■ **Data shown**:

--------------------

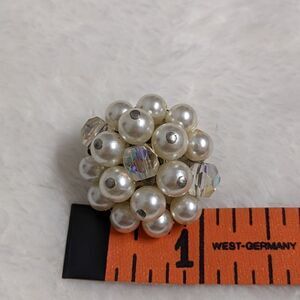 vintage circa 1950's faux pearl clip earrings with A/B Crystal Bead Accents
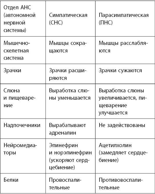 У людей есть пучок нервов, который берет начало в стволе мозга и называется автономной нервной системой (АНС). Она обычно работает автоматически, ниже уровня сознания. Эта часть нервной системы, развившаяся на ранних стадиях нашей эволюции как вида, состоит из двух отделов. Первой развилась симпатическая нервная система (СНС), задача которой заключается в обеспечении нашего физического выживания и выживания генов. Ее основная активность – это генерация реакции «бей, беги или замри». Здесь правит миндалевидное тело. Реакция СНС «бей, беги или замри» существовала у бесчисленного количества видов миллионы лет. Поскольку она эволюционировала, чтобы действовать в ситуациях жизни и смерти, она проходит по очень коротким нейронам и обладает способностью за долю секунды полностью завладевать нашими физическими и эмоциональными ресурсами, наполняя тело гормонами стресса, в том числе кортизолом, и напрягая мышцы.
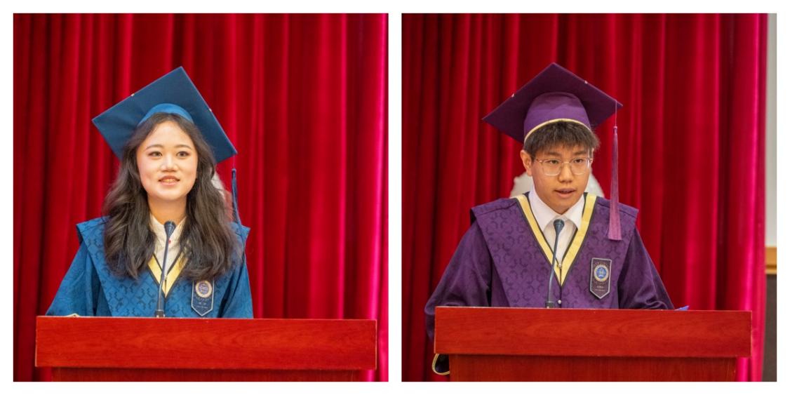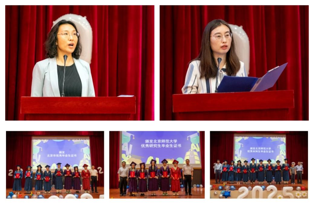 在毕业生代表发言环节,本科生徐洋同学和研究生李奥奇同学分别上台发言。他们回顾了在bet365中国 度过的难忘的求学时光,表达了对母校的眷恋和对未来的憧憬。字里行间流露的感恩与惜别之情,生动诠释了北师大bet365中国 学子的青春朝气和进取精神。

--------------------

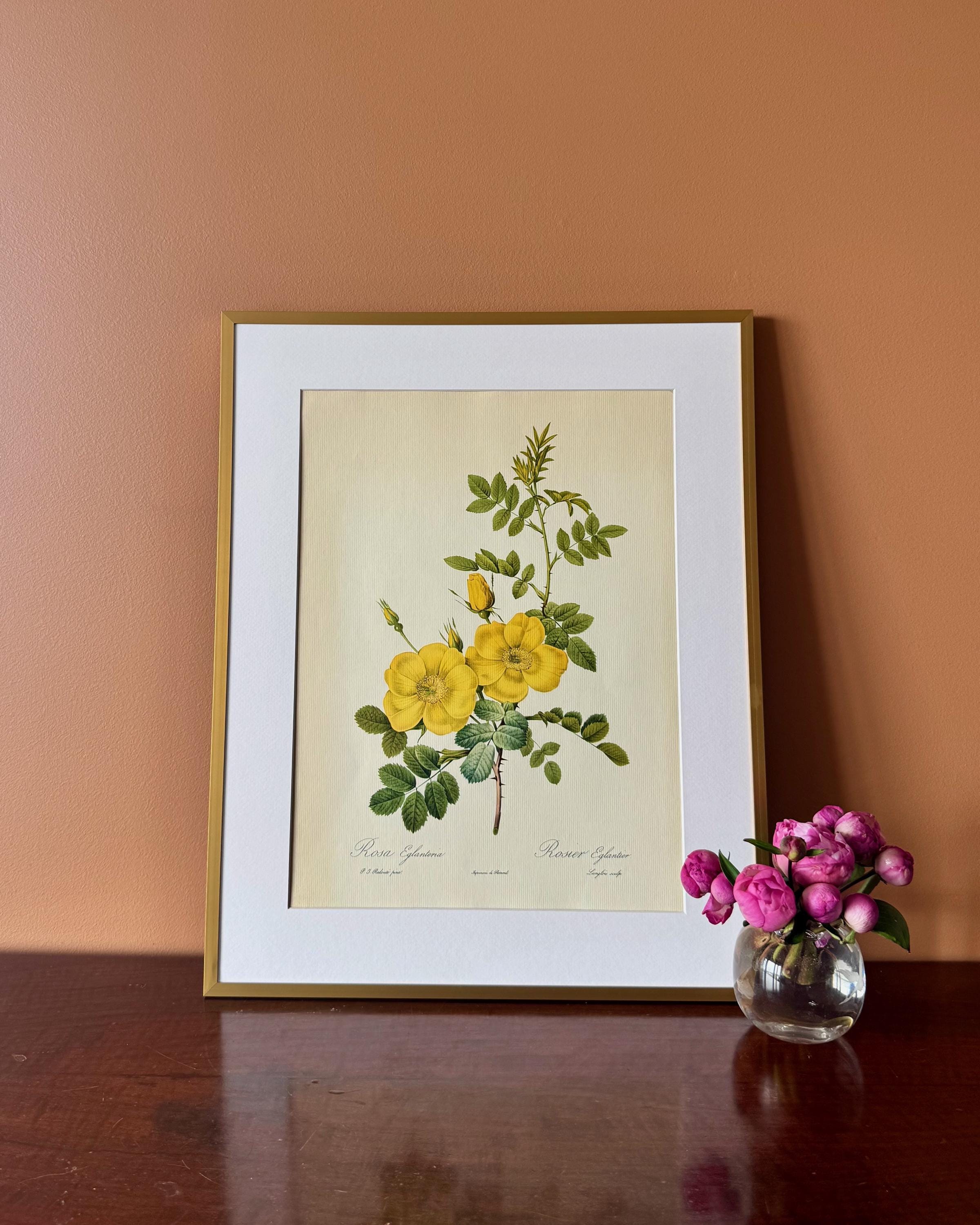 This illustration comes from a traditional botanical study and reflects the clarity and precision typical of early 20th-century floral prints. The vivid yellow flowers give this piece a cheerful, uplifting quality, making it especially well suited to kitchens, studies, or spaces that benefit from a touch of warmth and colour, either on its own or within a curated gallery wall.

--------------------

■ **Problem to solve**:
Pictures excluded, transcribe the listing above exactly from the line with "vintage circa 1950's" through the line with "У людей есть", and no further.

■ **Task result**:
 vintage circa 1950's faux pearl clip earrings with A/B Crystal Bead Accents
 У людей есть пучок нервов, который берет начало в стволе мозга и называется автономной нервной системой (АНС). Она обычно работает автоматически, ниже уровня сознания. Эта часть нервной системы, развившаяся на ранних стадиях нашей эволюции как вида, состоит из двух отделов. Первой развилась симпатическая нервная система (СНС), задача которой заключается в обеспечении нашего физического выживания и выживания генов. Ее основная активность – это генерация реакции «бей, беги или замри». Здесь правит миндалевидное тело. Реакция СНС «бей, беги или замри» существовала у бесчисленного количества видов миллионы лет. Поскольку она эволюционировала, чтобы действовать в ситуациях жизни и смерти, она проходит по очень коротким нейронам и обладает способностью за долю секунды полностью завладевать нашими физическими и эмоциональными ресурсами, наполняя тело гормонами стресса, в том числе кортизолом, и напрягая мышцы.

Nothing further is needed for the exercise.